Farmers and Agribank nearing understanding?

Home Agriculture Farmers and Agribank nearing understanding?

Staff Reporter

WINDHOEK – In what could signal a new détente between the Agricultural Bank of Namibia (Agribank), and Previously Disadvantaged Namibian [PDN] commercial farmers, the farmers last Thursday met the board directors of the bank’s Credit and Investment Committee, chaired by Dr. Michael Humavindu, in a closed door meeting.

Full details of the meeting has not yet been released as but the farmers grapevine has it that it was cordial and groundbreaking. If followed up, it could lay the necessary foundation for the beginning of a common understanding and fruitful engagement between the two parties, over issues of mutual concern for both the bank’s management and the farmers.

The delegation of nine farmers is led by the interim chairperson of the PDN’s Commercial Farmers Forum, Jane Kuhanga. For the umpteenth time, farmers are believed to have clarified their concerns to the bank’s board.

Meanwhile, understandably the farmers have also decided to form a union to coordinate their efforts in dealing with the challenges confronting them. Also in their sustained efforts to have their complaints heard, regarding the vexed questions of arrears on the Affirmative Action Loan Scheme [AALS], the farmers once again have re-petitioned the Ministry of Finance. Reiterating their constant demands, which are by no means new to both this ministry, and Agribank, the last that was on the eve of the 28th independence anniversary when they marched in the streets of the capital to deliver the petition to both these institutions. Among their pleas with the ministry, is for the government to immediately reinstate its guarantee and subsidy to AALS farmers “to continue to protect the integrity of land reform and redistribution under the scheme”.

Disturbed and disappointed by the discretionary summarily removal of the government guarantee and subsidy to Affirmative Action Loan Scheme farmers by the Ministry of Finance about ten years ago, they laments further pleading with the ministry for the government to review the current scheme to extend the repayment period of loans for the purchase of agricultural land to a maximum of 33 years. And to review AALS “to reduce the interest rate paid on the purchase of agricultural land to zero”.

The farmers are also begging government for its intervention in stopping Agribank’s legal actions against them, pending a comprehensive review of AALS and that it prevails upon Agribank to intervene in stopping the bank from dragging them to court. The farmers are further seeking own representation at the envisaged 2nd National Land Conference in October to present their own position paper. Despite still feeling the trauma of the brutal inhumanities against their ancestors by both German and racist white South African regimes because of their land and the continuing burden of land dispossession, they appreciate the land reform programme and AALS as one of the policy instruments in which a just restitution and redistribution of land can be effected.

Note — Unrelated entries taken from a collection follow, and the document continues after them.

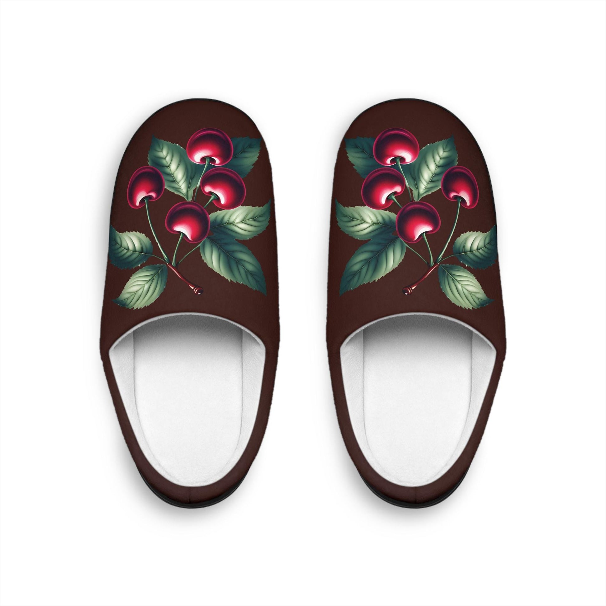 Women'sSlippers Chocolatebrown Dark Redcherry Design w/ Greenleaves Gift-for-mom Gift-for Grandma Gift For Dessertlover Gift For Fruitlovers
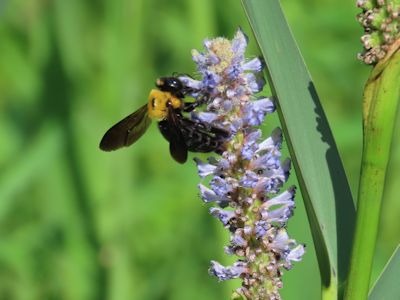 ポンテデリアの花で吸蜜するキムネクマバチ
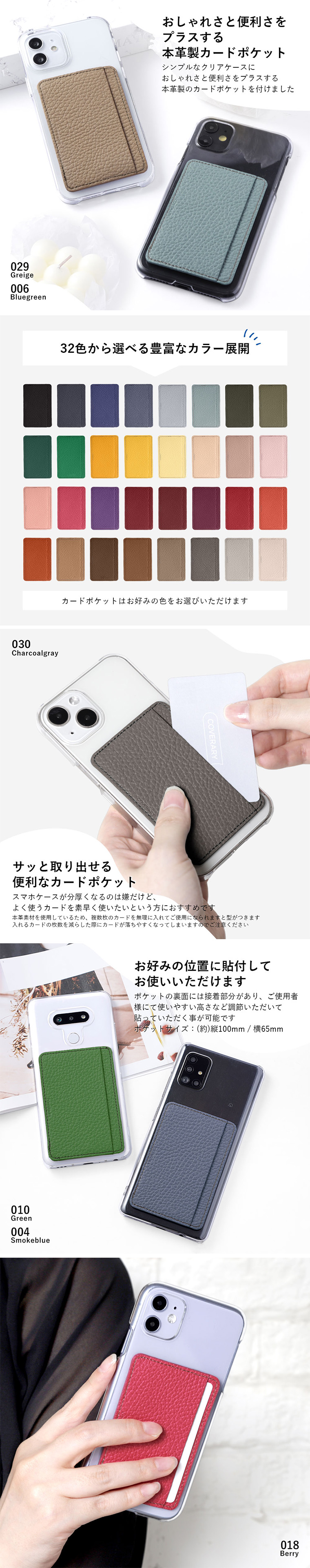 シンプルなクリアケースにおしゃれさと便利さをプラスする本革製のカードポケットを付けました
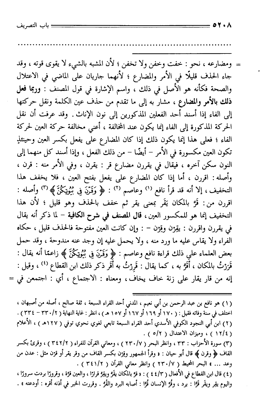 ومضارعه، نحو: خفت وخفن ولا تخفن؛ لأن المشبه بالشيء لا يقوى قوته، وقد جاء الحذف قليلا في الأمر والمضارع؛ لأنهما جاريان على الماضي في الاعتلال والصحة فكأنه هو الأصل في ذلك، واسم الإشارة في قول المصنف: وربما فعل ذلك بالأمر والمضارع، مشار به إلى ما تقدم من حذف عين الكلمة ونقل حركتها إلى الفاء إذا أسند أحد الفعلين المذكورين إلى نون الإناث. وقد عرفت أن نقل الحركة المذكورة إلى الفاء إنما يكون عند المخالفة، أعني مخالفة حركة العين لحركة الفاء؛ فعلى هذا إنما يكون ذلك إذا كان المضارع على يفعل بكسر العين وحينئذ تكون العين مكسورة في الأمر - أيضا - من ذلك الفعل، وإذا أسند كل منهما إلى النون سكن آخره، فيقال في يقررن مضارع قر: يقرن، وفي الأمر منه: قرن، وأصله: اقررن، أما إذا كان المضارع على يفعل بفتح العين، فلا يخفف هذا التخفيف، إلا أنه قد قرأ نافع (¬1) وعاصم (¬2): وقرن فى بيوتكن (¬3) وأصله:
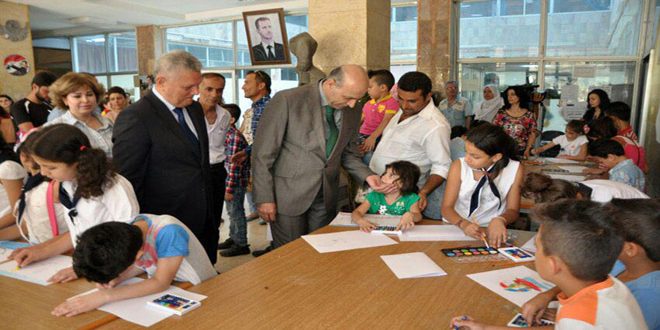 وتضمنت فعاليات الاحتفالية التي انطلقت أمس ورشة رسم خارجية وغرس نباتات في حديقة مديرية الثقافة بالإضافة لافتتاح معارض لنتاج عمل الأطفال واليافعين في الورشات الفنية والأعمال اليدوية وفي مركز الإقامة المؤقتة بمعسكر الطلائع في قرية رساس ضمن مشروع مهارات الحياة والدعم النفسي ومعرض لكتاب الطفل من منشورات وزارة الثقافة وكذلك رسوم لكتب الأطفال ومعرض للأعمال الفنية للأطفال الفائزين بمسابقات مديرية ثقافة الطفل السنوية وأبناء الشهداء للعام الدراسي 2015-2016.
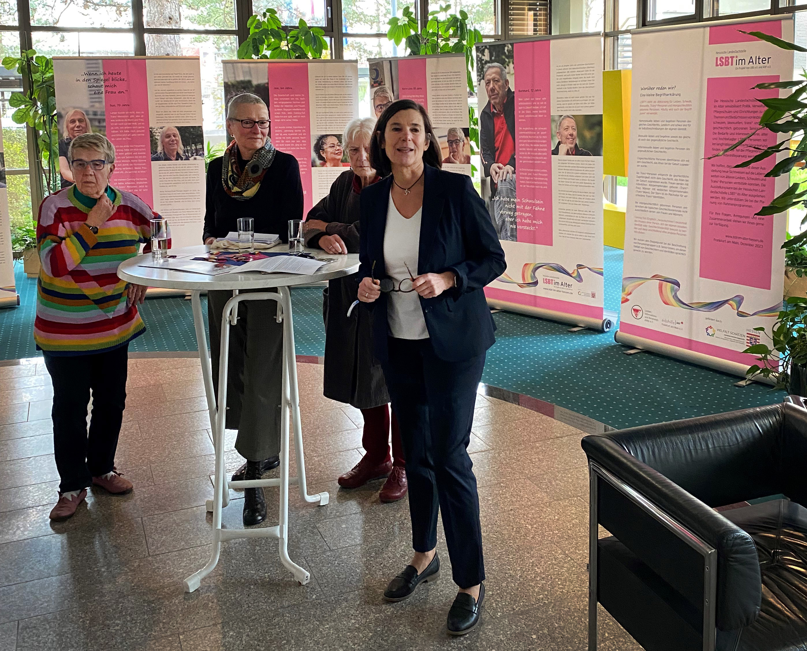 (c) Landkreis Darmstadt-Dieburg I v.l.n.r.: Marie-Luise, Elke Kreß (Hessische Landesfachstelle LSBT* im Alter), Corry und Sozial- und Jugenddezernentin Christel Sprößler bei der Ausstellungseröffnung
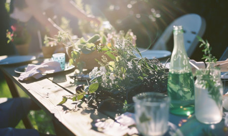 Rustic wooden table set outdoors with fresh flowers, glass bottles, and botanical elements, capturing a serene and warm garden atmosphere
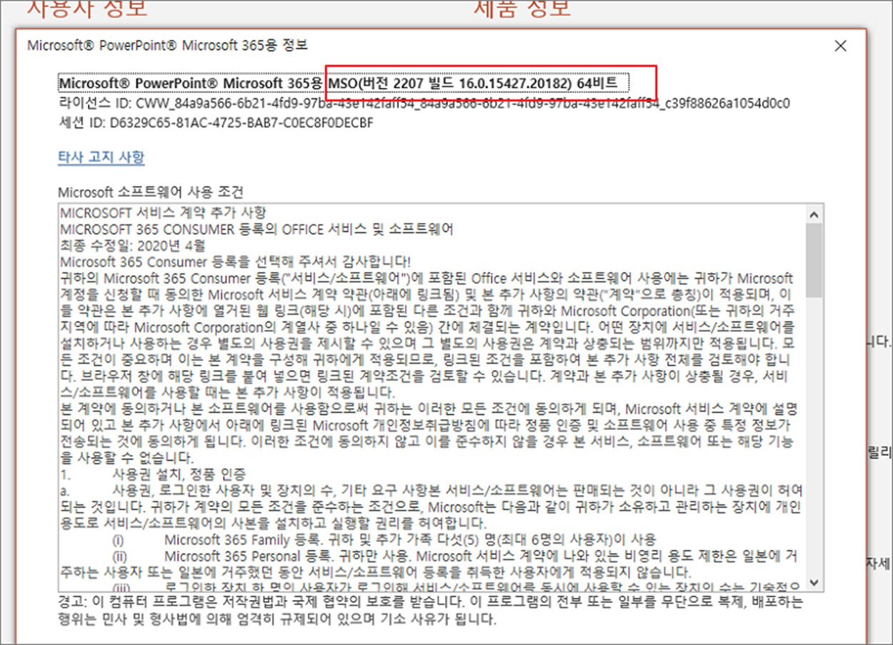 ▼ 파워포인트 정보창 상단에 제품명과 빌드 버전 정보가 나타납니다. 그리고 끝에 비트 정보가 있는데, 64비트라고 나와 있네요.
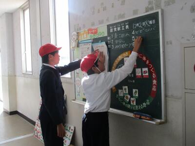 給食後、すぐに明日の献立を知らせる準備をしてくれた6年生たち。みんなのために役割を果たしてくれていつもありがとう!
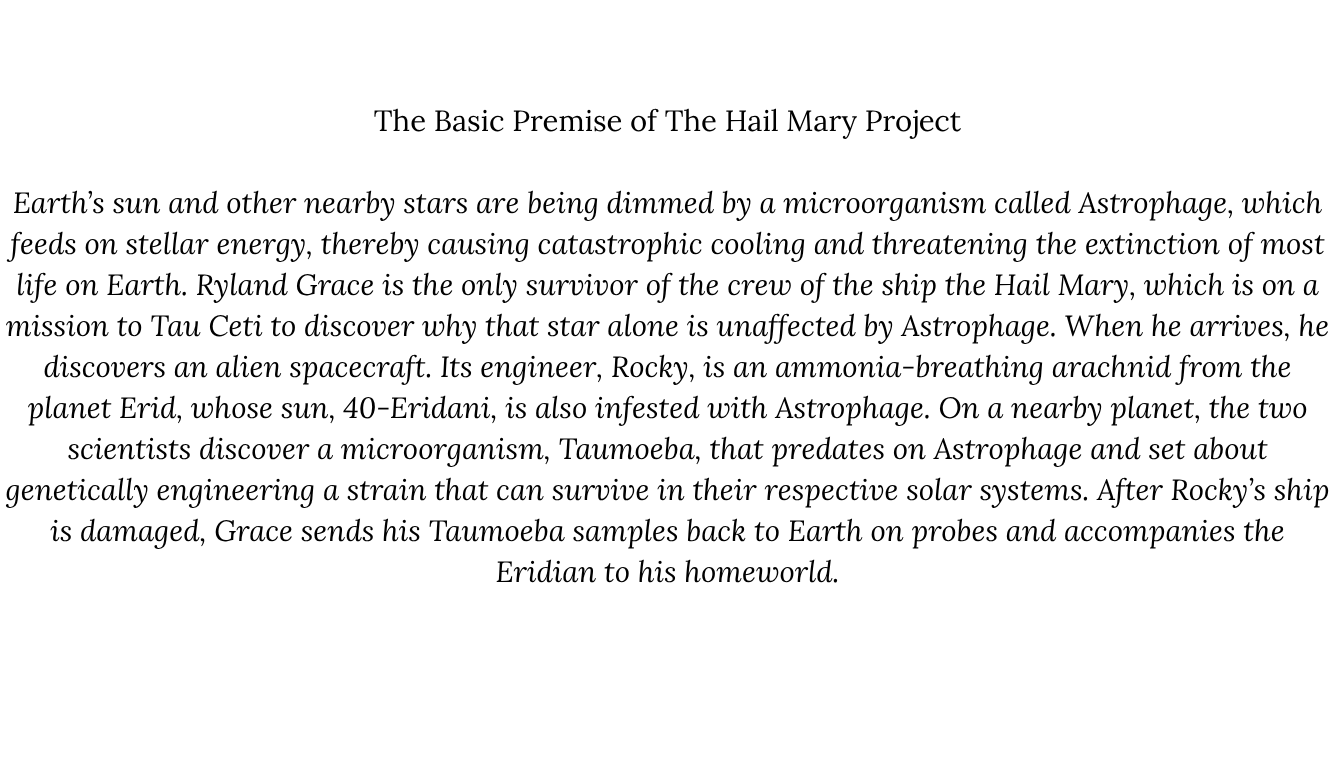 This piece contains major spoilers for both the book and film versions of Andy Weir’s Project Hail Mary. I also include a brief plot summary in a textbox below.
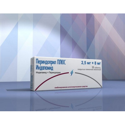 Комбинированное применение периндоприла и индапамида не изменяет их фармакокинетические параметры, по сравнению с раздельным приемом этих препаратов. Периндоприл Всасывание После приема внутрь периндоприл быстро всасывается из желудочно-кишечного тракта (ЖКТ). Биодоступность составляет 65-70%. Максимальная концентрация (Сmах) в плазме крови достигается через 3-4 ч после приема внутрь. Прием пищи уменьшает превращение периндоприла в периндоприлат и биодоступность периндоприла, поэтому его следует принимать 1 раз/сут утром, перед завтраком. При приеме периндоприла 1 раз/сут. Равновесная концентрация (Css) достигается в течение 4 дней. Распределение Связывание с белками плазмы крови периндоприлата имеет дозозависимый характер и составляет 20%. Периндоприлат легко проходит через гистогематические барьеры, исключая гематоэнцефалический барьер (ГЭБ). Не кумулирует. Метаболизм В печени подвергается метаболизму с образованием активного метаболита периндоприлата. Кроме того, образуется еще 5 неактивных метаболитов. Выведение Период полувыведения (Т1/2) периндоприла из плазмы крови составляет 1 ч. Т1/2 периндоприлата составляет около 17 ч. Выводится почками. Фармакокинетика у особых групп пациентов У пациентов пожилого возраста, у больных с почечной и сердечной недостаточностью выведение периндоприлата замедлено. Диализный клиренс периндоприлата составляет 70 мл/мин. Кинетика периндоприла изменена у пациентов с циррозом печени: печеночный клиренс снижен наполовину. Тем не менее, количество образующегося периндоприлата не уменьшается, что не требует коррекции дозы. Индапамид Всасывание После приема внутрь быстро и практически полностью всасывается из ЖКТ. Прием пищи несколько замедляет всасывание, но существенно не влияет на количество абсорбированного индапамида. После приема внутрь в однократной дозе Сmах в плазме крови достигается через 1 ч. Распределение Связывание с белками плазмы крови составляет 79%. Не кумулирует. Метаболизм Метаболизируется в печени. Выведение Т1/2 составляет от 14 до 24 ч. (в среднем 18 ч). Выводится почками (70%) преимущественно в виде метаболитов (фракция неизмененного препарата составляет около 5%) и кишечником с желчью в виде неактивных метаболитов (22%). Фармакокинетика в особых клинических случаях У пациентов с почечной недостаточностью фармакокинетические параметры индапамида существенно не изменяются.
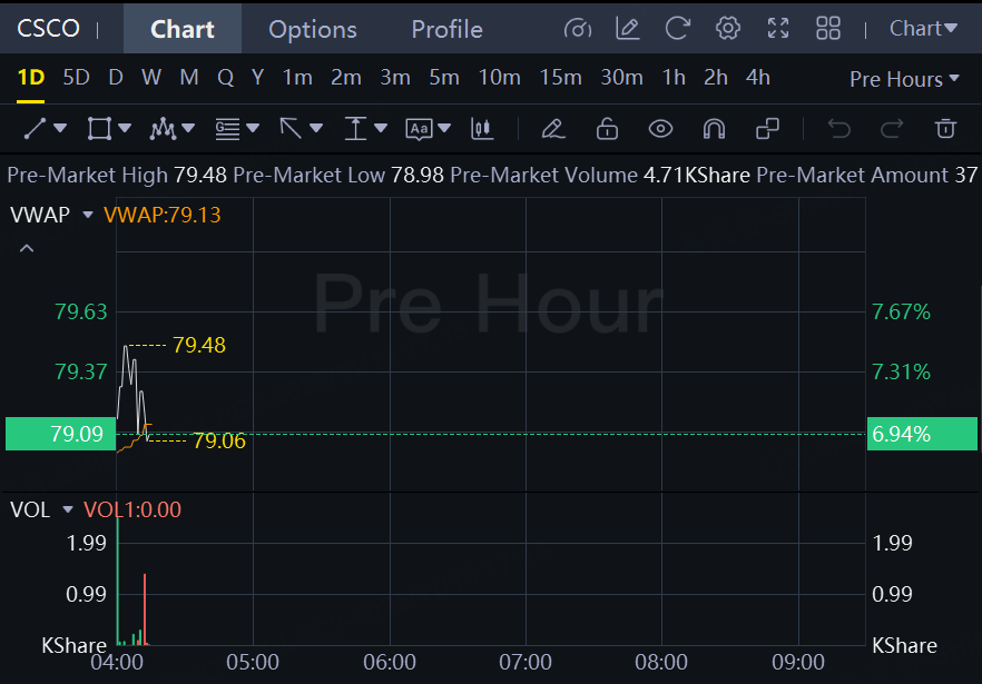 Cisco Systems shares were up 7% in premarket trading on Thursday, after the company raised full-year forecasts for profit and revenue.
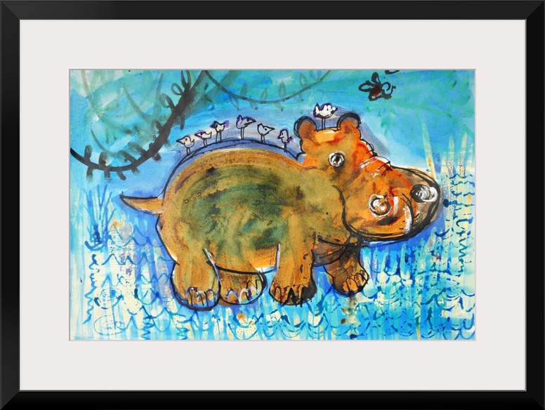Art Blue Wall Art Brenda Brin Booker Contemporary Art Wildlife Painting Watercolor Wildlife Hippopotamus
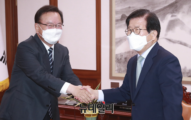 박병석 국회의장이 17일 오후 국회에서 김부겸 신임 국무총리를 만나 악수를 나누고 있다. (사진=공동취재단)
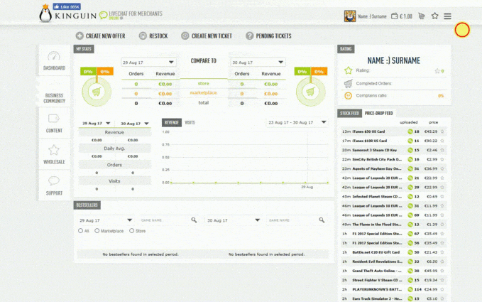 Sales Booster is a tool that can be used to promote your offers and as a result, boost your sales on Kinguin. By using Sales Booster, you will have a chance to place your offers at the top of the offers list giving them a special Kinguin Recommendation. The result is a better exposure for you and your offers by making them stand out from the crowd. Not only that, the top offers from these sections will be further promoted as the main offers on the product pages.
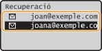 Podeu seleccionar una destinació entre les tres destinacions més utilitzades anteriorment. Quan especifiqueu una destinació utilitzada anteriorment, l'equip també estableix les mateixes opcions de lectura, com ara la densitat, utilitzades l'última vegada que vau enviar documents a aquella destinació.
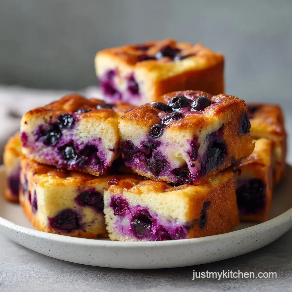 Custard Stability: The ratio of eggs to milk creates a stable network that sets during baking. It transforms the liquid into a velvety binder that holds the blueberries in place.
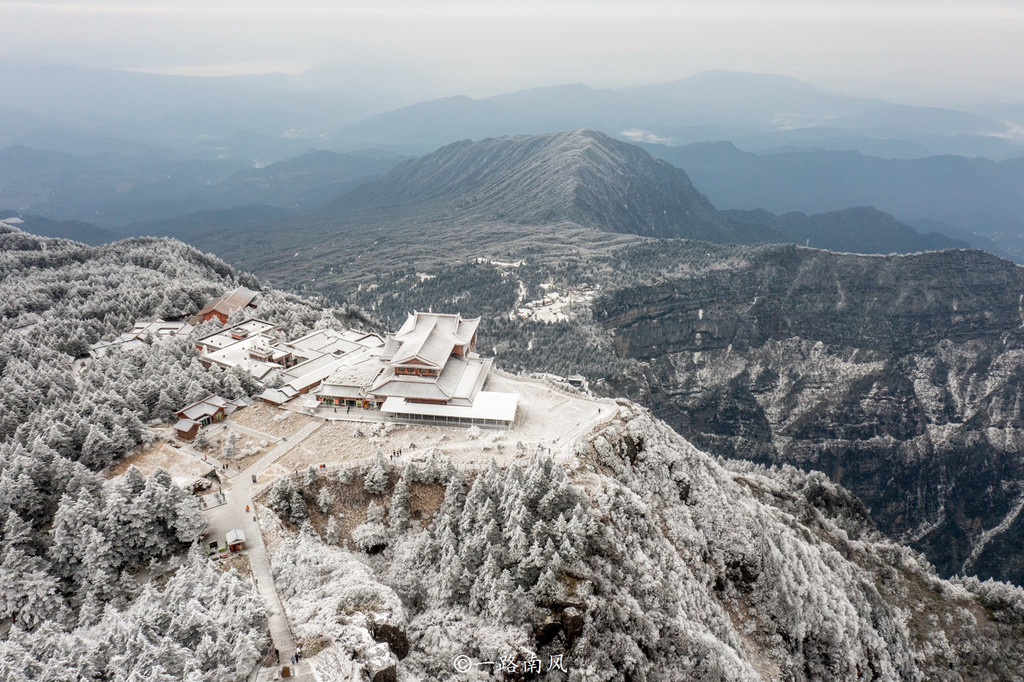 用无人机升空航拍,但见华藏寺的各座建筑物和周边的草木尽数披上“白纱”,悬空600多米的断崖也是灰白一片,崖边还有一大片白色云雾随风缥缈。
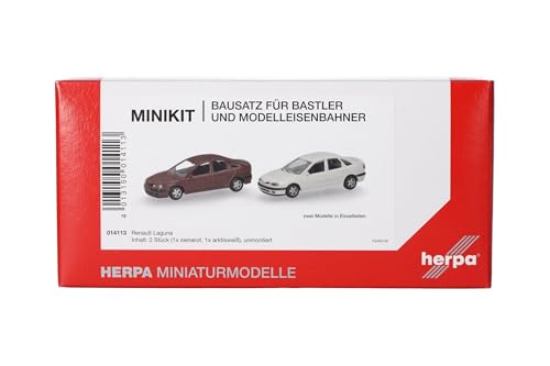 Herpa modellbyggsats MiniKit Renault Laguna siennaröd och arktisvit, 2 stycken, miniatyr i skala 1:87, samlarobjekt, byggsats för modellbygge, plast

The farmers are also hence committed to land reform and redistribution as envisaged under the Harambee Prosperity Plan and other relevant government policies “towards an all inclusive Namibian house”. They are further disheartened by support for them as AALS clients and note discrimination against them compared to resettlement programme beneficiaries.

Amidst all these, the famers are nevertheless conscious of their contractual obligations to Agribank in terms of their loans with its fully and unconditionally conditions are right also noting their concern with “some public officials using their positions to create confusion and near chaos in a manner reflecting badly on the good trajectory that the GRN and the current Head of State has set in motion, especially on this emotive issue of land, prejudicial to the outcome of the pending 2nd National Land Conference later this year”.